Six ingredient mac + cheese stuffed with protein, veggies, and deliciousness—basically a dream come true. And for my gluten-free friends, this one’s for you.
Who doesn’t love mac + cheese?
I love the stuff, but I’m not always down for eating just cheese and noodles for dinner. I need a little meat and veggies to feel semi-good about my meal choice.
But alas, there I was watching Parks and Rec, wishing someone would bring me a big bowl of cheesy noodles, when a light bulb went off in my head. I ran to the kitchen, checked the cupboards, and got to work. That’s when Protein Broccoli Cheddar Mac + Cheese was born.
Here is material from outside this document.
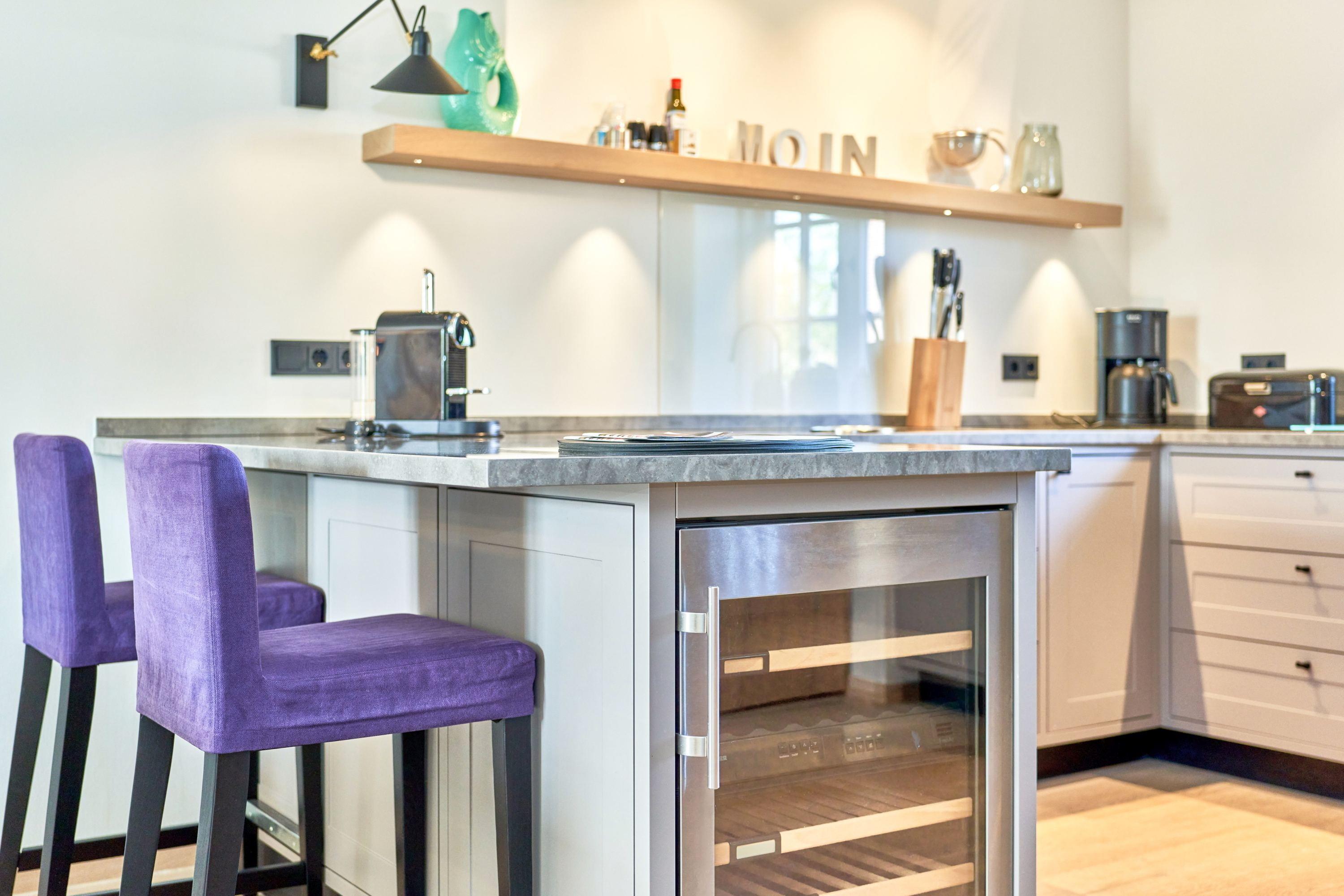 Es erwartet Sie ein außergewöhnlich großes und luxuriöses Ferienhaus unter Reet, alles kernsaniert, modern designt, individuell und ausgesprochen hochwertig ausgestattet mit jeweils 3 Doppelschlafzimmern und 3 Bädern, Der große Wohn-Essbereich mit Kamin und offener Küche lässt keinerlei Wünsche an Raumaufteilung und Ausstattung offen. Das Haus verfügt über einen Fitnessraum mit Crosstrainer, Fahrrad, Rudergerät und Yogamatte sowie einen separatem Duschbad mit WC. Der geschmackvolle Garten verfügt über zwei Terrassen eine mit Gartenmöbel und Tisch sowie die Süd - Terrasse mit Strandkorb. Stellplatz steht am Haus kostenlos zur Verfügung. Das Haus verfügt ab dem 01.01.2024 über eine E- Auto- Ladestation am dazugehörigen Parkplatz am Haus.

I wanted it to be healthy, easy, and quick—meaning I needed a quality pasta, a simple cheese sauce, meat, and veggies. I had a box of green lentil pasta in the cupboard (cha-ching), grabbed a few dairy products from the fridge, chicken sausage, and broccoli.
I like lentil pasta because the ingredients are literally lentils and peas. And the best part, there’s 18 grams of protein per serving! Chicken apple sausage was the perfect choice for meat because: 1) it was already in my fridge and 2) it’s gluten free, Whole30 approved, and there’s no added hormones.
I grabbed a couple pots and my pampered chef micro-cooker. I cooked a bag of frozen broccoli in the microwave for six minutes while boiling water for the noodles. Because the florets were pretty large, I roughly chopped them when they came out of the microwave. While the knife was out, I sliced up two chicken sausages. Then, in the smaller pot, I put the pasta and sausage into the boiling water.
At the same time, I started making the cheese sauce. On a low heat, I added the cheese and milk to the larger pot—stirring as it melted together. Once the noodles were just about done, not completely done because I didn’t want them to fall apart when I stirred them into the cheese sauce, I drained the water. Before adding them to the cheese sauce, I added some salt, pepper, and Greek yogurt to the mixture for another layer of protein and cream.
When the sauce met its smooth and creamy consistency, I dumped the noodles, sausage, and broccoli into the cheese pot. This required gentle stirring to evenly coat the goods without shredding the noodles to pieces.
My taste buds went nuts after the first bite—begging my fork to go back for more, which didn’t take much convincing. I hope you enjoy this recipe as much as Jackson and I did.
Protein Broccoli Cheddar Mac + Cheese
- 2.5 cups broccoli
- 1 box of lentil pasta
- 2 chicken sausages, sliced
- ½-1 cup whole milk*
- 2 cups cheese**
- ½ cup plain Greek yogurt
- Cook the broccoli in the microwave for 6 minutes. When it’s done, roughly cut the broccoli into smaller chunks.
- Bring water to a boil. Dump the pasta and sausage into the water. Cook until it’s almost ready. Be careful not to overcook as it could fall apart when you add it to the cheese mixture.
- At the same time, begin the cheese sauce in another pot on low. Add the milk and cheese and stir until there’s an even consistency. When the noodles are almost ready, mix in the Greek yogurt until smooth. Add salt and pepper to taste.
- Next, add the pasta, sausage, and broccoli to the cheese sauce and gently stir. Enjoy!
*If you use regular milk, use half the amount as it will make the sauce more runny.
**Shredding your own cheese will make the sauce thinner. Use less milk if you want a thicker sauce.